▸ TASK DESCRIPTION:
One part of the entries below is wanted: the lines from the one containing "Cette amélioration remplace" through the one containing "法式穿戴甲粉嫩白边腮红甲甲片闪粉水钻假指甲贴片温柔大气简约款". Write those out exactly and nothing else.

▸ TASK INPUT:
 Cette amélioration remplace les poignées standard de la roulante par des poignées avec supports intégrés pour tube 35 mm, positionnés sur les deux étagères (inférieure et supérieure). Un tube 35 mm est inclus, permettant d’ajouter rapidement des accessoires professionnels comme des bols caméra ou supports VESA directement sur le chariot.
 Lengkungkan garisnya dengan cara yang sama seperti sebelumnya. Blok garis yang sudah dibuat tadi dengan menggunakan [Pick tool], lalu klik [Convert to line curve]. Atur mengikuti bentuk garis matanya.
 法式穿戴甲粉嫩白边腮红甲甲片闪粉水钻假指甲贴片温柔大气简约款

--

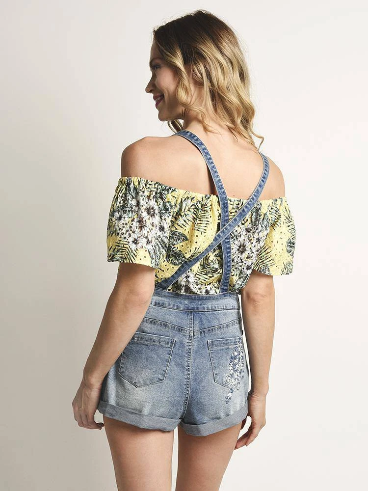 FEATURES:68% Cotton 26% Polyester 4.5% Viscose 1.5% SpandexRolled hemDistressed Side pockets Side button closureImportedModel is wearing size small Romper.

▸ TASK ANSWER:
 Cette amélioration remplace les poignées standard de la roulante par des poignées avec supports intégrés pour tube 35 mm, positionnés sur les deux étagères (inférieure et supérieure). Un tube 35 mm est inclus, permettant d’ajouter rapidement des accessoires professionnels comme des bols caméra ou supports VESA directement sur le chariot.
 Lengkungkan garisnya dengan cara yang sama seperti sebelumnya. Blok garis yang sudah dibuat tadi dengan menggunakan [Pick tool], lalu klik [Convert to line curve]. Atur mengikuti bentuk garis matanya.
 法式穿戴甲粉嫩白边腮红甲甲片闪粉水钻假指甲贴片温柔大气简约款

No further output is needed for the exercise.